My glee with today’s ruling is not based on the fact that it is a loss for the gay community.  I have absolutely nothing against them.  All of the gay people I know are fine folks who simply want to love who they love and spend their lives in peace and quiet.  In that respect, they are exactly like me.  That having been said, I would hate to have someone violate their religious beliefs because they were forced to offer me a service that I could easily get somewhere else.  And I get the feeling that most, if not all, of my gay friends feel the same way.  I could be wrong, but I don’t think I am.

 

That having been said, I *am* worried about special interest groups being able to use the limitless power of government to force a Muslim to cater a Pig Picking.  Or to force a Kosher Deli to provide lunch for a Hitler Youth Rally.  I have major issues with the possibility of subpoenas legally compelling an African-American baker to produce a hundred “Burning Cross” cupcakes for a Regional KKK meeting.  Extreme examples?  You bet.  But if the defendant’s position were upheld here, what exactly would have been left to prevent such scenarios?

 

As to the merits of this case, why did so many on the left compare Phillips to a segregationist?  I mean, we KNOW why…to paint him out to be a cartoonishly-evil villain in need of comeuppance.  Even some legal scholars equated his refusal to cater a gay wedding with a blanket refusal to do business with an entire class of people.  Big difference, though. He did not refuse service. The couple was free to buy anything in the store. Phillips simply refused to bake a custom cake for an EVENT to which he objected. Not to PEOPLE to whom he objected.

 

Plus, let’s be brutally honest. This was a failed hit job.  Phillips was upfront about his religious beliefs. He had attained a certain amount of fame (or infamy) for refusing to bake cakes for a person’s second marriage, since he didn’t believe in divorce. He also refused to make Halloween-themed decorations based on religious objections.  In short, Phillips was the perfect patsy for an exploratory sortie by the militant wing of the LGBTQ movement.

 

I’ve said it before in other groups, but this case (and others like it) are unfortunate intersections where SOMEONE’S rights are going to be compromised.

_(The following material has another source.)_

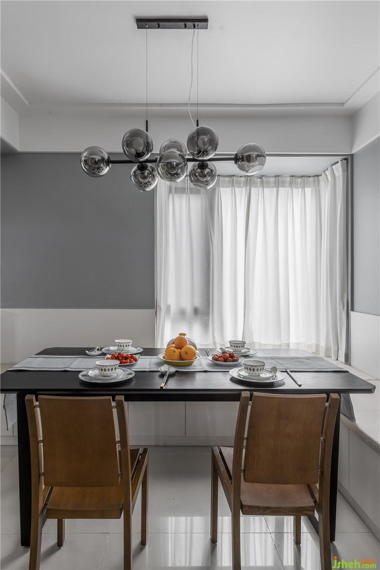 餐椅的另一邊采用卡座,除了增加儲物外,在這里辦公的話,累了可以座在卡座上望著窗外美景,讓人很隨意舒適。

It is unavoidable.  Either the baker/florist/photographer has to tangentially participate in an event they feel is an affront to their religious beliefs, or the couple is prevented from engaging in lawful commerce.  I see no middle ground.

 

In those cases, I think you then look at who has the better avenue for relief. The Gay Couple has no shortage of other options for services to be provided for their wedding.  The Christian Baker’s only avenue of relief for having their rights compromised is to be fined and punished.

 

Reading more deeply into the case, one quickly determines this is NOT a sweeping victory for those who oppose the thought of government forcing someone to abandon their religious principles in similar instances.  Most of the decision focused on the manner in which a Colorado Commission handled the baker’s complaint.  Left legally unresolved is the inevitable conflict between religious belief and anti-discrimination law. In short, it is more a victory for HIM than for all similarly-minded bakers.  Suffice to say, the issue is far from settled.

Still, I’ll take even a partial victory for individual liberty.  Those are becoming less and less frequent these days.